The model of this benchmark is listed as follows. The missile model is placed along the 𝑥-axis, as illustrated in Figure 11. Table 4 illustrates the corresponding parameters of this model.

This testing benchmark is operating at 5.0 GHz, for which the number of unknowns is 69247. The simulation times for different number of processes and the results of parallel speed-up ratio are listed in Table 5 and Figure 12, respectively. Taking the time for 64 processes as a reference, it can be found in Figure 12 that the parallel speedup ratio is nearly linear. However, in the case of 192 and 256 processes, the parallel efficiencies for the simulation decrease compared with the theoretical results. An increase in the number of processes deteriorates the performance.
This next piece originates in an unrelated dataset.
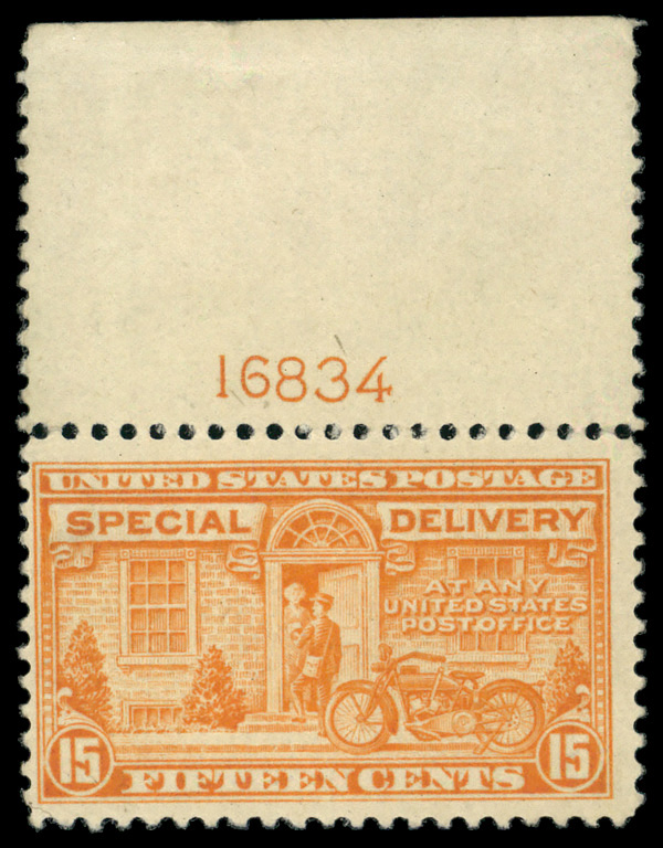 5372 nh E13 imageSpecial Delivery, 1925, 15¢ deep orange (Scott E13), plate number single, o.g., never hinged, Fine.

This is expected because the ratio of the communication volume to computation increases with an increase in the number of processes for this problem. But the parallel efficiencies of all these four situations are also higher than 80%, which proves a good parallel performance of this paper’s method.

(2) Consider next the missile’s bistatic RCS and its surface current distribution.

Table 6 illustrates the corresponding parameters of this benchmark, and Table 7 summarizes the computation results. In the following, RCS results and surface current distribution of this benchmark are listed in Figures 13 and 14, respectively.

From this benchmark, it is clear that the proposed method in this paper is able to handle electrically large scattering problems of hundreds of wavelength in the maximum dimension.

5. Conclusion

In this paper, RCS computation of electrically large platforms using parallel MoM technique with higher-order basis functions is presented. A load-balanced parallel method is achieved by a matrix partition scheme, so the total wall clock time for solving a large dense matrix is shortened. Its accuracy, efficiency, and applicability are also validated through several numerical examples. In conclusion, the method proposed in this paper can solve some electrically large problems with high accuracy and short computation time, which cannot be achieved by the conventional RWG MoM method. Also this paper contributes to ongoing research efforts on developing numerically accurate solutions for electrically large problems.

Acknowledgments

This work is partly supported by the Fundamental Research Funds for the Central Universities of China (JY10000902002, K50510020017) and the National Science Foundation of China (61072019). This work is also supported by Shanghai Supercomputer Center of China (SSC).